> _Stored items from a collection_
>>>
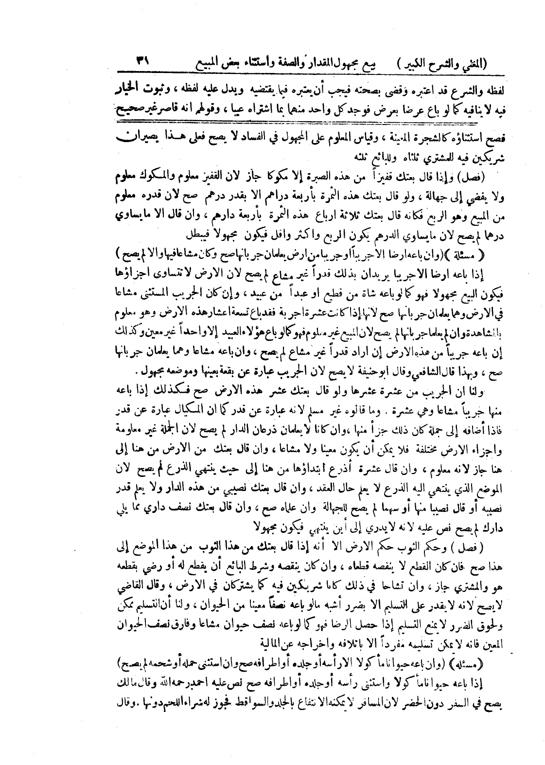(فصل) وإذا قال بعتك قفيزاً من هذه الصبرة إلا مكوكاً جاز لأن القفيز معلوم والمكوك معلوم ولا يفضي إلى جهالة، ولو قال بعتك هذه الثمرة بأربعة دراهم إلا بقدر درهم صح لأن قدره معلوم من المبيع وهو الربع فكأنه قال بعتك ثلاثة أرباع هذه الثمرة بأربعة دراهم، وإن قال إلا ما يساوي درهماً لم يصح لأن ما يساوي الدرهم يكون الربع وأكثر وأقل فيكون مجهولاً فيبطل {مسألة} (وإن باعه أرضاً إلا جريباً أو جريباً من أرض يعلمان جربانها صح وكان مشاعاً فيها وإلا لم يصح) إذا باعه أرضاً إلا جريباً يريدان بذلك قدراً غير مشاع لم يصح لأن الأرض لا تساوي اجزاؤها فيكون البيع مجهولاً فهو كما لو باعه شاة من قطيع أو عبداً من عبيد، وإن كان الجريب المستثنى مشاعاً في الأرض وهما يعلمان جربانها صح لأنها إذا كانت عشرة أجربه فقد باع تسعة أعشار هذه الأرض وهو معلوم بالمشاهدة وإن لم يعلما جربانها لم يصح لأن المبيع غير معلوم فهو كما لو باع هؤلاء العبيد إلا واحداً غير معين وكذلك إن باعه جريباً من هذه الأرض إن أراد قدراً غير مشاع لم يصح، وإن باعه مشاعاً وهما يعلمان جربانها صح، وبهذا قال الشافعي وقال أبو حنيفة لا يصح لأن الجريب عبارة عن بقعة بعينها وموضعه مجهول.
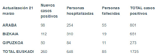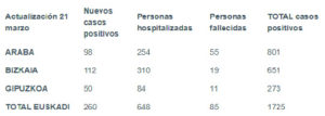 La cifra de personas fallecidas por el COVID19 en Euskadi se eleva a 85 tras las 14 nuevas muertes registradas hasta las 20 horas de ayer. En Euskadi, se han registrado 260 nuevos casos de coronavirus, por lo que la cifra total de personas contagiadas asciende a 1.725. De ellas 648 permanecen hospitalizadas. El número de personas recuperadas de la infección es de 25.
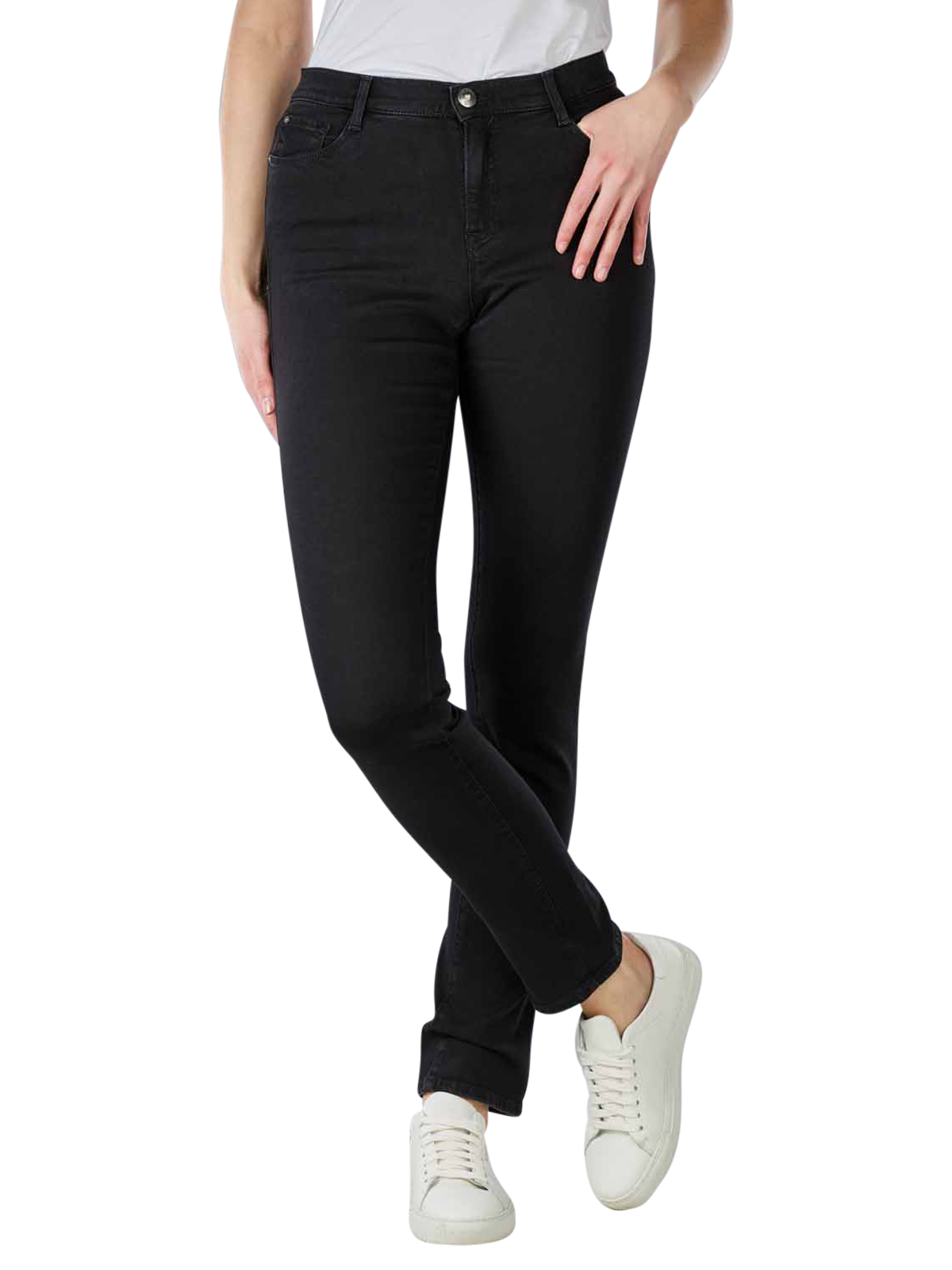 Le jean Mary Slim Fit offre une silhouette moderne et flatteuse. Conçu pour le confort et le style, ce jean est un ajout polyvalent à toute garde-robe, adapté à diverses occasions. La coupe droite le rend particulièrement élégant et il peut être porté parfaitement avec des talons hauts, ce qui le rend également adapté au travail. En petit contraste, le jean présente de fines surpiqûres décoratives de couleur gris clair sur les poches arrière, et une touche de couleur rouge orne la poche arrière droite.
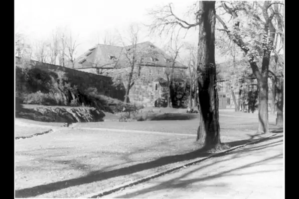 Festningsparken og Karpedammen med grøntanlegg, gangvei og trær. Det lange røde hus (1774) til høyre i bildet. Midt i bildet Skarpenords kruttårn (Sortieporten) med indre steinvoll som strekker seg sydover. Bildet tatt i oktober.
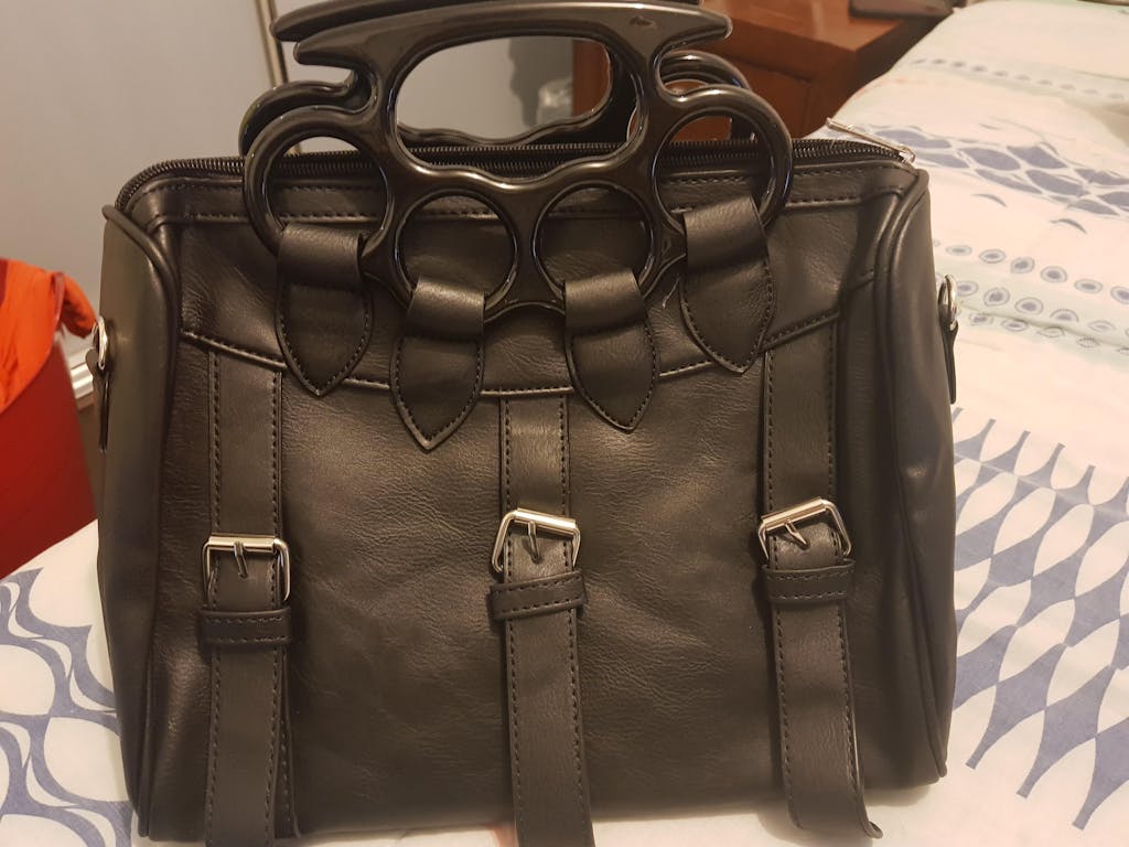 This black textured PVC bag screams warning. After all, it's knuckle duster handle is lethal!
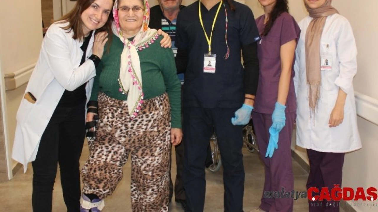 Manisa'nın Alaşehir ilçesinde 8 yıl önce geçirdiği felç sonrası sağ bacağını ve kolunu kullanamayan, konuşma yetisini kaybeden Ümmü Kaygısız, 3 hafta gördüğü fizik tedavi ve rehabilitasyon sonrası ilk adımlarını atmaya başladı.
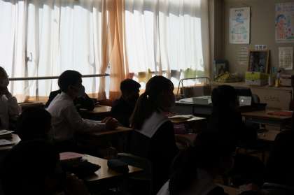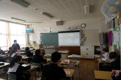 先日学年集会で上映された体育祭のふり返りムービーが教室でも上映されました。(欠席していて見えなかった生徒のため)教室でクラスメイトと一緒に見るとより親近感がわくものです。行事を終えてきずかれたクラスの温かい雰囲気が感じられた教室でした。
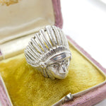 Large Sterling Silver Native American Chief Statement Ring Vintage c1970
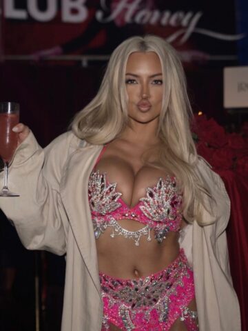 Lindsey Pelas totally stole the show at the Honey Birdette x Playboy Halloween Partyin West Hollywood. Her rhinestone-studded lingerie was next-level seductive, pushing boundaries and turning heads. That bra? It barely contained her, drawing everyone’s eyes to her jaw-dropping cleavage. Pure adult fantasy, for sure!
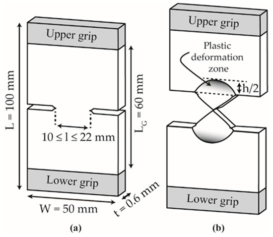 For the EWF study, mechanical experiments and deformation measurements were performed using identical devices as described in Section 2.5.1. Experiments were performed at RT and at a constant crosshead speed of 10 mm·min−1. Deeply Double-Edge Notched Tensile (DDENT) samples were extracted from the center of the sheet, parallel to MD with the following dimensions: overall length L = 100 mm, distance between grips LG = 60 mm, width W = 50 mm, and thickness t = 0.6 mm. A DDENT sample is shown in Figure 3a. Five ligament lengths, l, between 10 and 22 mm with a step of 3 mm were tested and repeated three times. Before testing, initial cracks were sharpened with a fresh razor blade. The total work of fracture, Wf, was calculated by integrating the area below the load–displacement curves for each tested ligament length.
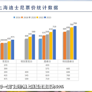 对比刚开园时期,上海迪士尼乐园七年内同一级门票价格上涨幅度最高为60%。目前上海迪士尼乐园基础门票为475元,已高于法国巴黎、日本东京迪士尼乐园的基础门票价格。
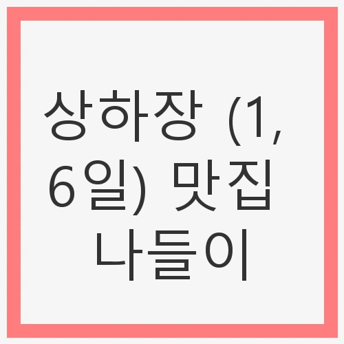 상하장 (1, 6일) 맛집 나들이는 여러분에게 잊지 못할 미식 경험을 제공합니다. 다양한 맛집에서 즐기는 음식들과 주변의 아름다운 경관은 소중한 시간을 만들어 줄 것입니다. 특히, 주말 나들이로 방문하면 더욱 좋은 경험이 될 것입니다. 맛집 탐방과 함께 상하장의 매력을 만끽해 보세요!
<<<
> _Try it_
Once the pictures are set aside, the remaining data must be transcribed exactly.

> _Answer space_
(فصل) وإذا قال بعتك قفيزاً من هذه الصبرة إلا مكوكاً جاز لأن القفيز معلوم والمكوك معلوم ولا يفضي إلى جهالة، ولو قال بعتك هذه الثمرة بأربعة دراهم إلا بقدر درهم صح لأن قدره معلوم من المبيع وهو الربع فكأنه قال بعتك ثلاثة أرباع هذه الثمرة بأربعة دراهم، وإن قال إلا ما يساوي درهماً لم يصح لأن ما يساوي الدرهم يكون الربع وأكثر وأقل فيكون مجهولاً فيبطل {مسألة} (وإن باعه أرضاً إلا جريباً أو جريباً من أرض يعلمان جربانها صح وكان مشاعاً فيها وإلا لم يصح) إذا باعه أرضاً إلا جريباً يريدان بذلك قدراً غير مشاع لم يصح لأن الأرض لا تساوي اجزاؤها فيكون البيع مجهولاً فهو كما لو باعه شاة من قطيع أو عبداً من عبيد، وإن كان الجريب المستثنى مشاعاً في الأرض وهما يعلمان جربانها صح لأنها إذا كانت عشرة أجربه فقد باع تسعة أعشار هذه الأرض وهو معلوم بالمشاهدة وإن لم يعلما جربانها لم يصح لأن المبيع غير معلوم فهو كما لو باع هؤلاء العبيد إلا واحداً غير معين وكذلك إن باعه جريباً من هذه الأرض إن أراد قدراً غير مشاع لم يصح، وإن باعه مشاعاً وهما يعلمان جربانها صح، وبهذا قال الشافعي وقال أبو حنيفة لا يصح لأن الجريب عبارة عن بقعة بعينها وموضعه مجهول.
 La cifra de personas fallecidas por el COVID19 en Euskadi se eleva a 85 tras las 14 nuevas muertes registradas hasta las 20 horas de ayer. En Euskadi, se han registrado 260 nuevos casos de coronavirus, por lo que la cifra total de personas contagiadas asciende a 1.725. De ellas 648 permanecen hospitalizadas. El número de personas recuperadas de la infección es de 25.
 Le jean Mary Slim Fit offre une silhouette moderne et flatteuse. Conçu pour le confort et le style, ce jean est un ajout polyvalent à toute garde-robe, adapté à diverses occasions. La coupe droite le rend particulièrement élégant et il peut être porté parfaitement avec des talons hauts, ce qui le rend également adapté au travail. En petit contraste, le jean présente de fines surpiqûres décoratives de couleur gris clair sur les poches arrière, et une touche de couleur rouge orne la poche arrière droite.
 Festningsparken og Karpedammen med grøntanlegg, gangvei og trær. Det lange røde hus (1774) til høyre i bildet. Midt i bildet Skarpenords kruttårn (Sortieporten) med indre steinvoll som strekker seg sydover. Bildet tatt i oktober.
 This black textured PVC bag screams warning. After all, it's knuckle duster handle is lethal!
 Manisa'nın Alaşehir ilçesinde 8 yıl önce geçirdiği felç sonrası sağ bacağını ve kolunu kullanamayan, konuşma yetisini kaybeden Ümmü Kaygısız, 3 hafta gördüğü fizik tedavi ve rehabilitasyon sonrası ilk adımlarını atmaya başladı.
 先日学年集会で上映された体育祭のふり返りムービーが教室でも上映されました。(欠席していて見えなかった生徒のため)教室でクラスメイトと一緒に見るとより親近感がわくものです。行事を終えてきずかれたクラスの温かい雰囲気が感じられた教室でした。
 Large Sterling Silver Native American Chief Statement Ring Vintage c1970
 Lindsey Pelas totally stole the show at the Honey Birdette x Playboy Halloween Partyin West Hollywood. Her rhinestone-studded lingerie was next-level seductive, pushing boundaries and turning heads. That bra? It barely contained her, drawing everyone’s eyes to her jaw-dropping cleavage. Pure adult fantasy, for sure!
 For the EWF study, mechanical experiments and deformation measurements were performed using identical devices as described in Section 2.5.1. Experiments were performed at RT and at a constant crosshead speed of 10 mm·min−1. Deeply Double-Edge Notched Tensile (DDENT) samples were extracted from the center of the sheet, parallel to MD with the following dimensions: overall length L = 100 mm, distance between grips LG = 60 mm, width W = 50 mm, and thickness t = 0.6 mm. A DDENT sample is shown in Figure 3a. Five ligament lengths, l, between 10 and 22 mm with a step of 3 mm were tested and repeated three times. Before testing, initial cracks were sharpened with a fresh razor blade. The total work of fracture, Wf, was calculated by integrating the area below the load–displacement curves for each tested ligament length.
 对比刚开园时期,上海迪士尼乐园七年内同一级门票价格上涨幅度最高为60%。目前上海迪士尼乐园基础门票为475元,已高于法国巴黎、日本东京迪士尼乐园的基础门票价格。
 상하장 (1, 6일) 맛집 나들이는 여러분에게 잊지 못할 미식 경험을 제공합니다. 다양한 맛집에서 즐기는 음식들과 주변의 아름다운 경관은 소중한 시간을 만들어 줄 것입니다. 특히, 주말 나들이로 방문하면 더욱 좋은 경험이 될 것입니다. 맛집 탐방과 함께 상하장의 매력을 만끽해 보세요!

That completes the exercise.